I’m too busy watching him to notice the bride and groom have arrived, their entrance ushering in a change. The volume of the room grows as everyone turns to face the guests of honor straight from the chapel. The lights come down slightly, and I watch as Alex becomes transfixed.

I’ve never seen him around her before. I’ve never witnessed the way he’s wholly enrapt by her. The entire room looks on and even cheers for the newlyweds. And yet I can’t help but watch him, as he watches her. The sum of our relationship boiled down to that one simple sentence.

He’s devout in his tracking of her. He clocks her with precision, taking in her flowing silk dress, one that’s not unlike mine. However, her long dark hair and olive skin are absolutely not like mine.

Once again, he is a man possessed. And once again, not by me.

No, I would not be the queen tonight. It was not my time. Would likely never be my time.

We watch as she slips into the room, seeming to glide beside her husband. She practically floats on air. A damn goddess amongst mortals.

I’m embarrassed how our dresses practically mirror one another.

Because while I thought my dress looked amazing on me, it only lasted until I saw what it looked like on her.

The way it dips down low on her back and her front.

The way her hips hold the fabric on either side.

I can’t help but imagine him and her. Together. A fucking American dream.

I’m just a cheap Barbie you get at a dollar store — off-brand, poorly built, and disposable. I’m the pig in lipstick. The trailer park trash in a couture gown.

She’s like fine china and your grandma’s best crystal that made it through the war. She’s the Cartier jewels, a champagne brunch, an enchantress who never ages.

I feel my spine turn to steel as I release my hold on Alex because it’s clear now that he’s released me.

I take a small step away from him. I won’t be fooling anyone into thinking that we’re happy. It’s obvious he isn’t.

Realizing he isn’t going to stop, I head towards the bar, pretending to take my time choosing a drink.

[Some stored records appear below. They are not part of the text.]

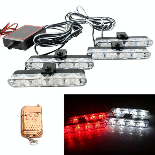 4 in 1 Car 16LEDs Grille Flash Lights Warning Lights with Wireless Remote Control(White Red)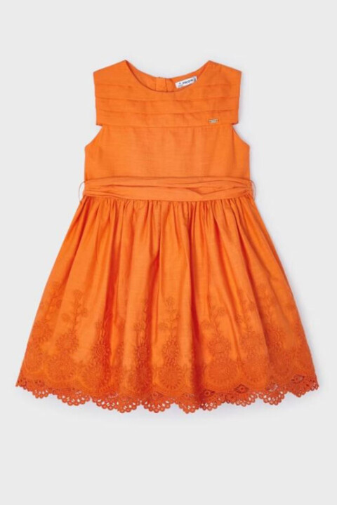 Kız Çocuk Nakışlı Elbise - Turuncu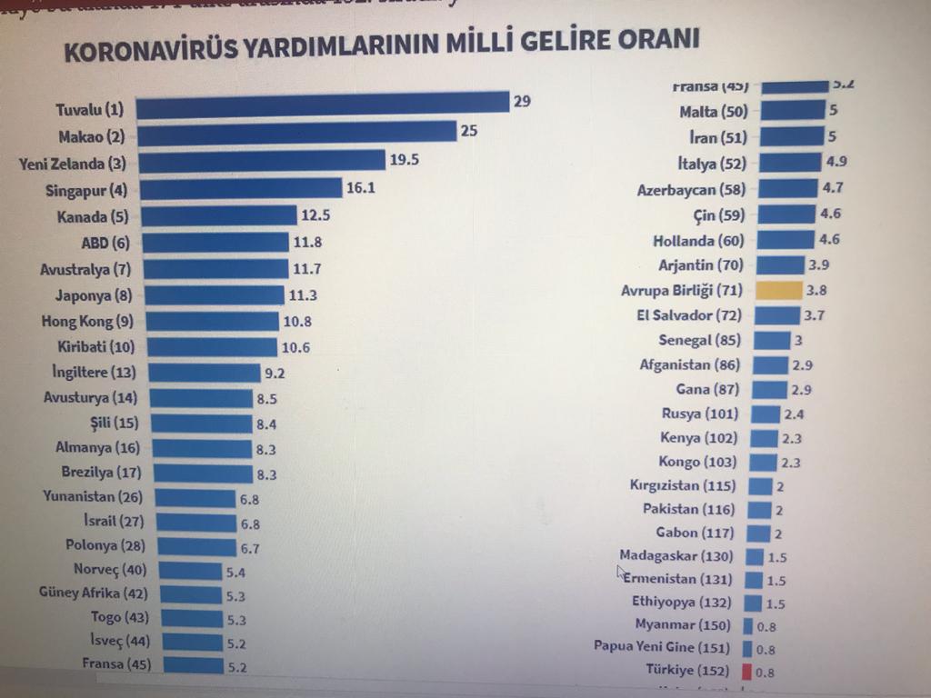 Mesela listenin 26. sırasında yer alan Yunanistan’da milli gelirin yüzde 6,8’i kadar koronavirüs yardımları yapılırken, 51. sırada yer alan İran’da, milli gelirin yüzde 5,1’i kadar yardım söz konusu.

To fill the time, I ask the bartender stupid questions.

“What’s Lillet’s taste profile?” “How many ounces are in a martini glass?” “Do you have ginger ale?”

When an older woman stands beside me, I gesture for her to order first. “Can’t decide what I want,” I say to her with a smile.

She gives me a polite smile back and orders. While her drink is being made, she turns to face me and then extends a hand.

“I’m May.” I swallow, then shake her hand.

“Emma. Palomino,” I tack on at the end.

“Ahh, yes,” she says, knowing. “I’m the mother of the bride.” I want to curl up into a ball and die.

“Then, congratulations. They make a beautiful couple.” May nods demurely while silently assessing me. Likely holding me up beside her daughter and deciding I couldn’t possibly hold a flame to her. “What did you order?” I try my best to divert the conversation.

“A French 75.” I recheck the cocktail list, thinking I might follow suit. “You’ll want something stronger, dear.” Yes. She’s right.

“I think you’re right,” I mumble under my breath, then give her a tight smile. My fingers tremble as I let my hands fall down to my side.

The bartender hands May her coupe glass, but as she turns to leave, she says, quietly, “Jealousy is for those with no value of self. You don’t strike me as someone who should be lacking.”

It’s a compliment and a warning. She walks away, and I order a double Johnny Walker Blue, neat.